President Donald Trump, unlike any other president in modern memory, in the wake of the assassination of his ally Charlie Kirk refused to acknowledge that such violence is being perpetrated by malign forces on the right as well as on the left. But Trump as usual takes such a position to extremes. Asked at a press conference why he did not order flags lowered to honor Melissa Hortman, the Democratic speaker of the Minnesota House of Representatives who was assassinated alongside her husband this summer, as he did for Kirk, Trump initially said he was “not familiar” with the case. Uh huh.
Now, more than ever, the Trump administration is on the warpath against (formerly) protected expressions of opinion. In what was already one of the most precarious moments for freedom in our society in our time, Trump is making matters radically, dangerously worse.
His vice president tells podcast listeners that if they hear opinions they don’t like from other Americans, they should contact employers in order to have people fired.
When Trump hears TV host Jimmy Kimmel say something he doesn’t like, he doesn’t just use his bully pulpit to disagree. He says that his Attorney General Pam Bondi’s recent statement about her intent to prosecute what she sees as “hate speech” about the late Charlie Kirk could mean she will “go after” Kimmel’s employer ABC “because you treat me so unfairly. It’s hate.” Trump and his FCC chair, Brendan Carr, started talking about revoking ABC’s broadcast license, which is not really a thing that exists, except on the local-station level. No matter. It’s a threat to the network’s business by powerful people. This despite the fact, as free-speech group FIRE notes, “The FCC has no authority to control what a late night TV host can say, and the First Amendment protects Americans’ right to speculate on current events even if those speculations later turn out to be incorrect.” But, in order to protect corporate interests, ABC steps in and gets ahead of the game, cancelling Kimmel’s show on its own.
In the midst of a previous political correctness epidemic, it was the American right that created the term “cancel culture,” and insisted, quite correctly, that people can say what they will in our free society. Not anymore. It’s one more sign that this administration is not really of the right, though they play conservatives on TV. They’re something else entirely: merely authoritarian.
Although, not if people of good will, ourselves, don’t allow it, and rebel, as good Americans always have, against the rising tide of conformity.
Talking of TV hosts, I have to love what David Letterman said in response to Kimmel’s suspension: “You can’t go around firing somebody because you’re fearful or trying to suck up to an authoritarian — a criminal — administration in the Oval Office.
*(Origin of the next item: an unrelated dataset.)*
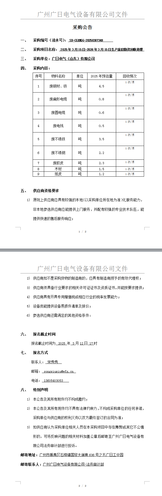 2025年3月15日-2026年3月15日生產廢舊物資回收

That’s just not how this works.”
Again, it is if we let it happen without speaking out.
Trump, who doesn’t believe in the First Amendment, sued “60 Minutes,” sued ABC News, sued his friend Rupert Murdoch’s Wall Street Journal. And now, in his most absurd effort yet at censoring the press, he’s suing The New York Times for a cool $15 billion for, among other things, endorsing Kamala Harris in an editorial he describes as “deranged” because the endorsement wasn’t for him, and for failing to write that Trump was already “a mega-celebrity and an enormous success in business” when he was hired for “The Apprentice” TV show.
Stop the assassinations. Snitch on people you know who are crazy and want to kill political figures, so their guns are taken away. And, just as importantly, stand up against these despots who want to take away the most American thing of all: your freedom of speech.